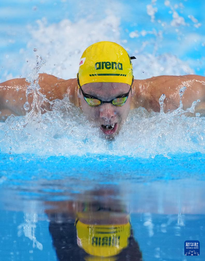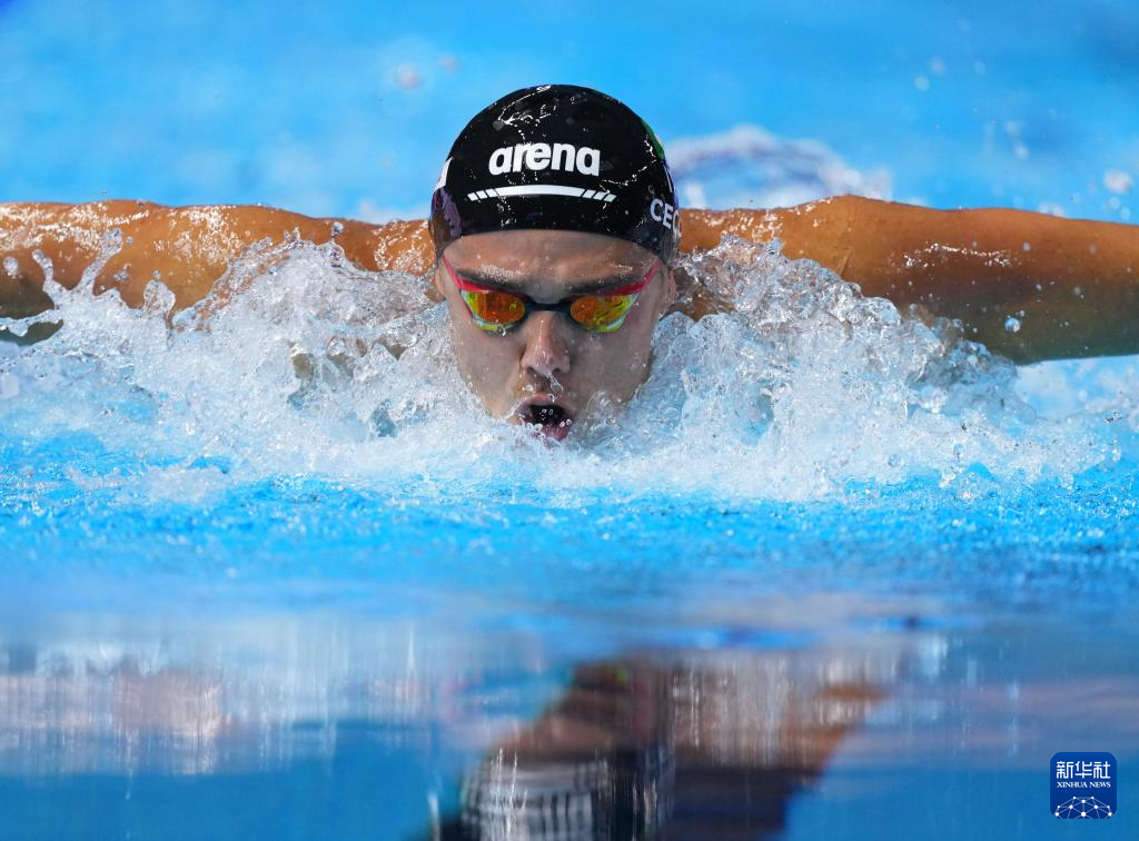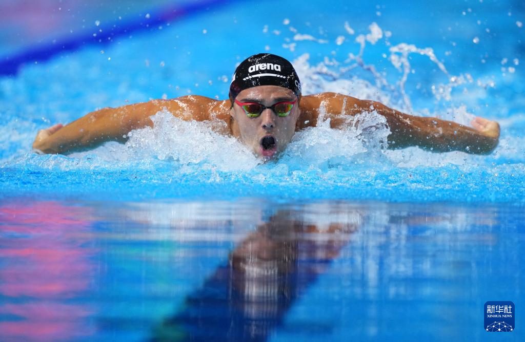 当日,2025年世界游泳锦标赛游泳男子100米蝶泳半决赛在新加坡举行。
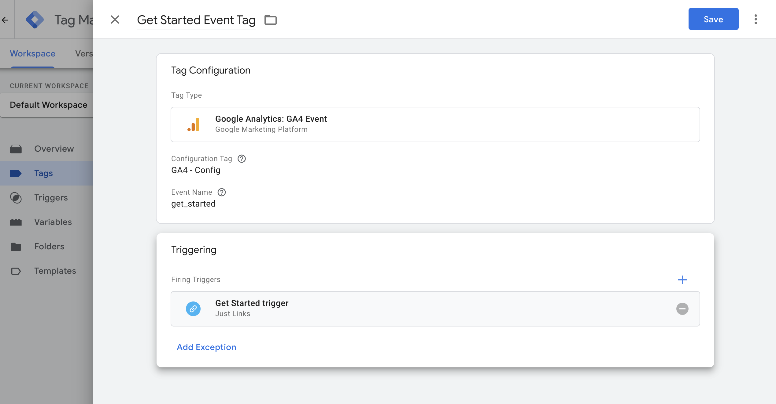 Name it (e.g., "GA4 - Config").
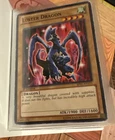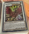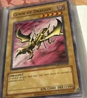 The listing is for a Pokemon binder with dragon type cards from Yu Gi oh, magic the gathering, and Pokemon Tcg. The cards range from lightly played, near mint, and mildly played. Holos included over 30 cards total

-*-

A verbatim copy of the data, pictures removed, is the expected result.

# WORKED SOLUTION:
 当日,2025年世界游泳锦标赛游泳男子100米蝶泳半决赛在新加坡举行。
 Name it (e.g., "GA4 - Config").
 The listing is for a Pokemon binder with dragon type cards from Yu Gi oh, magic the gathering, and Pokemon Tcg. The cards range from lightly played, near mint, and mildly played. Holos included over 30 cards total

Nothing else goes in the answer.